Monday 20 November 2017

Army corporal who told gardai he bought cannabis for dying wife avoids criminal conviction

Corporal Damian Flood at Dublin Circuit Criminal Court where he has avoided a criminal conviction
Pic: Court Collins.
Corporal Damian Flood at Dublin Circuit Criminal Court where he has avoided a criminal conviction Pic: Court Collins.

Jessica Magee and Declan Brennan

An army corporal who told gardaí he bought cannabis to ease the pain of his dying wife has avoided a criminal conviction.

Corporal Damian Flood (39) was caught with €9,814 worth of cannabis herb near Nutgrove in Dublin on March 15 2013. He initially told gardaí he was moving the drugs to pay off a debt of €40,000.

However, the widowed father-of-two later said he brought the the drugs after online research showed him juiced cannabis added to food could act as a pain reliever.

Flood told Dublin Circuit Criminal Court that he wanted to ease the suffering of his wife, who was terminally ill with breast cancer. She died some five months later.

Flood of Scribblestown Avenue, Finglas, Dublin pleaded guilty to possessing the drug for sale or supply.

He apologised to the court, saying he was “embarrassed” to be there. “It was a moment of madness,” he said.

The court heard Flood has served over 18 years with the Defence Forces, including several overseas postings, and is three years from retirement.

Judge Mary Ellen Ring said that Flood's explanation that he wanted to use the drugs for pain relief was not unreasonable and that it was used lawfully for this in other countries.

She said that testimonials handed into court showed Flood to be a man of good character with an exemplary record from the army. She said she could treat this offence as an aberration and noted that Flood was under considerable financial pressure at the time.

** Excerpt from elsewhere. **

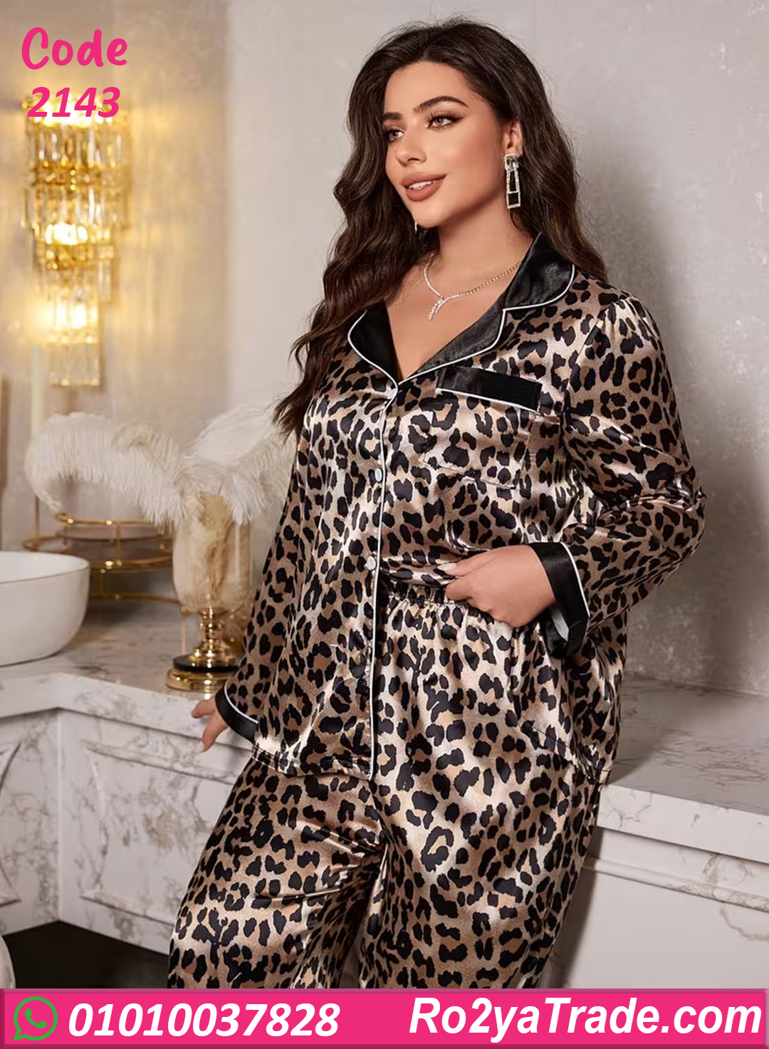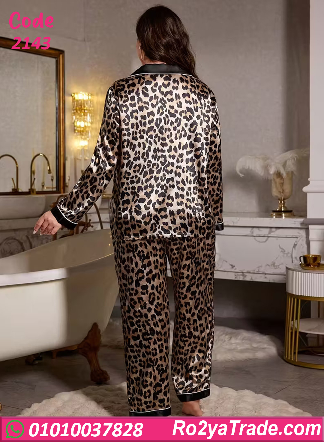 بيجامة حريمي ستان بطبعة تايجر فخمة، خامتها ناعمة وباردة على الجسم، بتدي إحساس راقي ومريح جدًا في اللبس، تصميم شيك مناسب للبيت أو النوم وكمان هدية شيك لأي عروسة.

She said that in light of his personal circumstances including the service he has done for his country she was applying the Probation Act in lieu of a sentence of imprisonment. This means no conviction was recorded against him.

Detective Garda Colin Tighe told Melanie Greally BL, prosecuting, that gardaí became suspicious when they saw a car driving erratically in the Rathfarnham area. When they stopped the car, the driver seemed very nervous and on edge and there was a strong smell of cannabis herb.

There was a knuckle duster and a can of pepper spray in the car, which the driver said he kept for self-protection when he worked as a taxi driver. Gardaí found a vacuum packed bag containing cannabis herb in a shopping bag in the car boot.

“It's only grass, I was trying to dump it, I can't tell you where it came from,” said Flood.

Lorcan Staines BL, defending, said Flood has no previous convictions and co-operated with gardaí.

Flood said he initially lied to the gardaí that he was moving the drugs to pay off a debt because he didn't want to implicate his dying wife in his arrest.

He said that after doing some research online, he made a few calls and got a parcel delivered. When the parcel arrived it seemed to be worth about €5,000, whereas he only wanted to spend up to €500.

Flood told the dealer he couldn't afford it and had been in the process of returning the parcel when he was arrested. A probation report said Flood was at low risk of re-offending.

Mr Staines said Flood needed a further three years in the army to avail of a pension, and that the outcome of the case could have serious financial consequences for him.

If Flood got a prison sentence he would be immediately discharged from the army. If he got a suspended sentence it would be up to the General Army Commander to decide but it was “likely” he would be discharged.

Reference letters for Flood were handed into court, including one from a retired army captain noting that Flood had served overseas including a mission in Kosovo. Another letter from a coach at St Andrew's Boxing Club in Cabra, which Flood runs, praised his hard work and dedication in helping young people over the years.